Responding, the Special Assistant to the President on Social Media, Dada Olusegun, said the depreciation of the naira had significantly inflated the local currency value of external debt, thereby distorting public perception of Nigeria’s actual borrowing position.

He maintained that Nigeria’s debt in dollar terms remained relatively stable, ranging from about $108bn in 2023 to $109bn in 2026, insisting that this reflected a more accurate picture of the country’s obligations.

Olusegun also disclosed that the administration inherited about ₦20tn in Ways and Means financing, which was later securitised, adding that this formed a significant component of the current debt profile being criticised.

He further argued that Nigeria’s total debt burden includes obligations of both the Federal Government and subnational governments, cautioning against attributing the entire figure solely to the Tinubu administration.

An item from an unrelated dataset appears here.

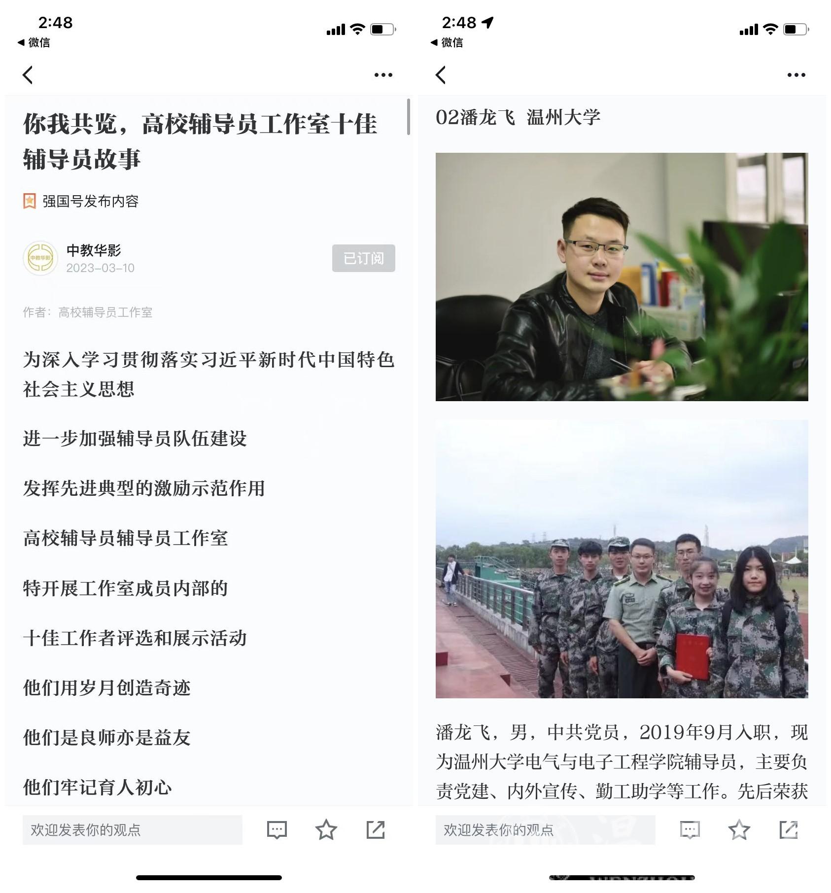3月10日,学习强国刊发了一篇名为《你我共览,高校辅导员工作室十佳辅导员故事》的文章,该篇文章系全国高校辅导员工作室,为深入学习贯彻落实习近平新时代中国特色社会主义思想,进一步加强辅导员队伍建设,发挥先进典型的激励示范作用,进行的十佳工作者评选和展示活动,香蕉视频 电气与电子工程学院辅导员潘龙飞也在其中。

In a counter-argument, the presidential aide questioned Obi’s interpretation of debt valuation, asking whether a stronger naira that reduces the local currency value of debt would amount to actual repayment.

“If tomorrow the naira is fixed at ₦500 to the dollar and the debt figure drops, does that mean the debt has been repaid?” he queried.

The Presidency maintained that the country’s borrowing trajectory must be assessed within the broader context of ongoing economic reforms, including fuel subsidy removal and foreign exchange liberalisation, which have reshaped fiscal dynamics.

The latest exchange has further deepened national debate on Nigeria’s debt sustainability, with analysts divided over whether rising figures reflect fiscal recklessness or necessary borrowing to support structural reforms and infrastructure development.